▶ [Source data]:
______________________________

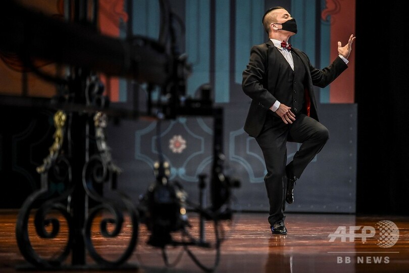 新型コロナウイルスの感染拡大により、フェスティバルは特例措置のもとで実施された。観客がいない中、ダンサーはマスクを着け、グループ演技では対人距離を保ちながら、新設のソロ部門ではパートナーなしで踊らねばならない。パフォーマンスは録画され、地元テレビで放送される。(c)AFP
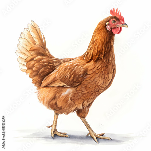 © Maria, Fototapeta premium One brown chicken standing in a row, on white background
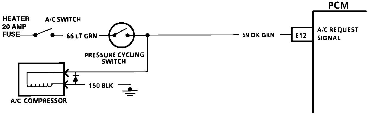 Turning "ON" the air conditioning supplies CKT 59 battery voltage to the A/C compressor clutch and to terminal "E12 of the control module connector to increase and maintain idle speed.
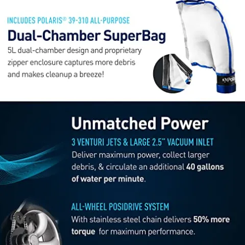 - All-wheel PosiDrive system with durable stainless steel drive chain delivers up to 50% more torque for a faster clean, better maneuverability, and fewer hang-ups.

______________________________

▶ [Your objective]:
Output all the material above exactly once more, leaving every picture out.

▶ [Solution]:
 新型コロナウイルスの感染拡大により、フェスティバルは特例措置のもとで実施された。観客がいない中、ダンサーはマスクを着け、グループ演技では対人距離を保ちながら、新設のソロ部門ではパートナーなしで踊らねばならない。パフォーマンスは録画され、地元テレビで放送される。(c)AFP
 © Maria, Fototapeta premium One brown chicken standing in a row, on white background
 Turning "ON" the air conditioning supplies CKT 59 battery voltage to the A/C compressor clutch and to terminal "E12 of the control module connector to increase and maintain idle speed.
 - All-wheel PosiDrive system with durable stainless steel drive chain delivers up to 50% more torque for a faster clean, better maneuverability, and fewer hang-ups.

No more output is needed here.